Altered heterochromatin binding by a hybrid sterility protein in Drosophila sibling species

Abstract

Hybrid sterility of the heterogametic sex is one of the first postzygotic reproductive barriers to evolve during speciation, yet the molecular basis of hybrid sterility is poorly understood. We show that the hybrid male sterility gene Odysseus-site homeobox (OdsH) encodes a protein that localizes to evolutionarily dynamic loci within heterochromatin and leads to their decondensation. In Drosophila mauritiana x Drosophila simulans male hybrids, OdsH from D. mauritiana (OdsHmau) acts as a sterilizing factor by associating with the heterochromatic Y chromosome of D. simulans, whereas D. simulans OdsH (OdsHsim) does not. Characterization of sterile hybrid testes revealed that OdsH abundance and localization in the premeiotic phases of spermatogenesis differ between species. These results reveal that rapid heterochromatin evolution affects the onset of hybrid sterility.

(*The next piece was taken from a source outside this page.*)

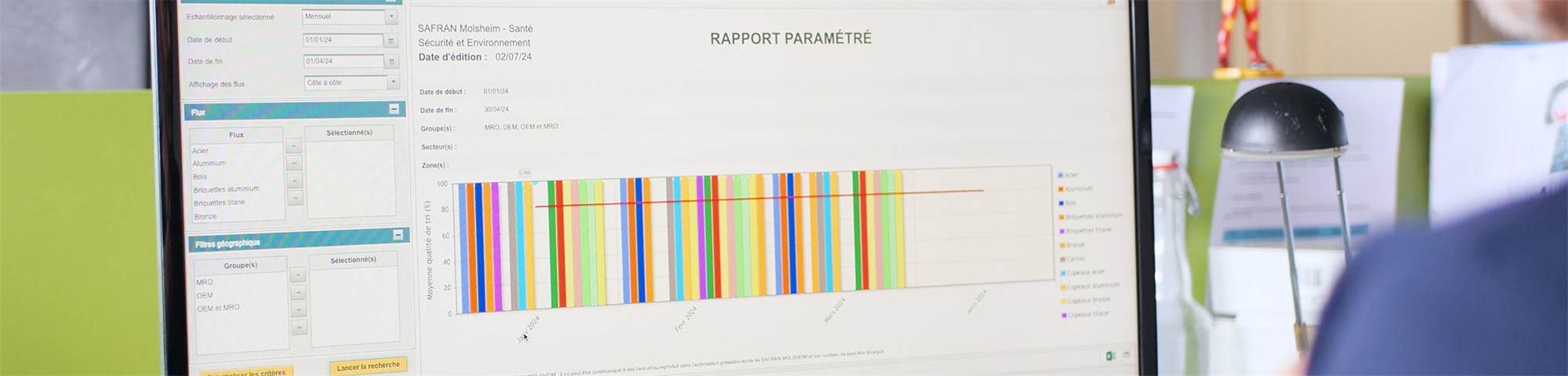 Selon des critères définis, il peut indiquer plusieurs niveaux de qualité de tri et justifier son estimation par une prise de photo ou la saisie d’un commentaire. Ces relevés sont consolidés sous forme de reportings dans une interface graphique très visuelle destinée au responsable de site ou du service.

Fig. 1. OdsH proteins differ in their localization to D. simulans heterochromatin

We use D1 staining as (Fig. S1). (A) FLAG-OdsHsim or Venus-OdsHmau epitope-tagged proteins were expressed in transiently transfected D. simulans cultured cells (B–D) or in transgenic D. simulans larval neuroblasts (E–H) under the control of a heat-shock promoter. (B,C) D1 staining (red) is a cytological landmark for localization of OdsHsim (B) and OdsHmau (C) proteins (both shown in green) to D. simulans heterochromatin. DNA staining by DAPI shown in blue in merge. (D) Co-expression of OdsHsim (red) and OdsHmau (green). (E) OdsHsim (red) localizes to the X chromosome and adjacent to D1 staining (green) on the 4th chromosome but not to the Y chromosome. (F) OdsHmau (red) localization has additional localization to the Y chromosome. (G) Co-expression of OdsHsim (green) and OdsHmau (red) on male mitotic chromosomes versus (H) female mitotic chromosomes. Arrows in E–G highlight Y chromosomes. (I) GFP-Unc-4 (red) staining in interphase larval neuroblast cells of D. simulans is diffuse and does not overlap specifically with D1 (green). Scale bars represent 2 µm.

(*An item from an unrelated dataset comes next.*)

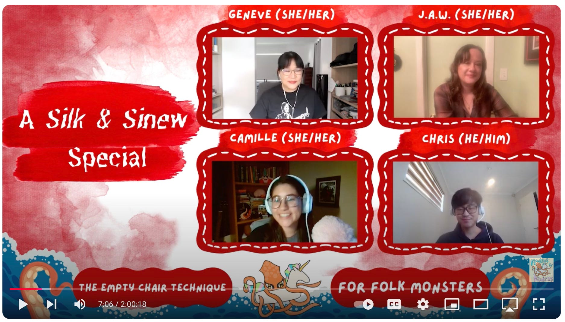 Season 3: Episode 10 of Floaties for Krakens features Silk & Sinew authors Geneve Flynn, Christopher Hann, and me. We had a wonderful time with host Camille Maria Acosta discussing monsters from our respective cultural folklores. I talk about my beloved Mae Nak (the Thai “monster” I will forever defend), spirit houses, and how much I hate the model minority myth. These subjects are all part of my contribution to the anthology, “Guilt is a Little House.” It was a truly fun and illuminating conversation, and I learned so much about Geneve’s and Christopher’s fascinating monsters (and what Geneve’s grandmother kept in her purse!). Much gratitude to Kristy for gathering us and Camille for hosting us.

Fig. 2. OdsH-binding sites are evolutionary labile in sibling species

(A) A schematic phylogeny of the recently diverged D. simulans, D. sechellia and D. mauritiana species. (B) Summary of localization studies (C–F) highlighting the differences in genomic localization of OdsHsim and OdsHmau to the Y and 4^th chromosomes. (C) Localization of FLAG-OdsHsim fusion protein on neuroblast mitotic chromosomes from D. mauritiana/D. simulans and (D) D. sechellia/D. simulans hybrid larvae (Fig. S2). (E) Localization of Venus-OdsHmau fusion protein on neuroblast mitotic chromosomes from D. mauritiana/D. simulans and (F) D. sechellia/D. simulans hybrid larvae. In all cases OdsH staining is red and D1 staining green. Only relevant X, Y, and 4th chromosomes are shown.

Fig. 3. Endogenous OdsH localization to G2 spermatocyte nuclei

(A) Whole-mount immunohistochemistry with an OdsH antibody on adult male testes from D. simulans wildtype, (B) D. simulans fertile introgression, (C) D. simulans sterile introgression, and (D) D. mauritiana. Scale bars represent 50 µm. An 8X zoom on the regions identified by the red dashed boxes is shown in the insets along with arrows pointing to OdsH protein. (E) OdsH protein expression was significantly expanded in the sterile line, measured by the length of detectable protein expression within the testes (p < 0.001). (F) Western blot from D. simulans wildtype, fertile introgression, and sterile introgression testes immunoblotted for OdsH (top panel) and β-tubulin control (bottom panel). (G) OdsH (red) detected by immunofluorescence in G2 primary spermatocyte nuclei from the adult testes of D. simulans wildtype and (H) D. simulans sterile introgression. DNA staining in blue. Scale bars represent 5 µm.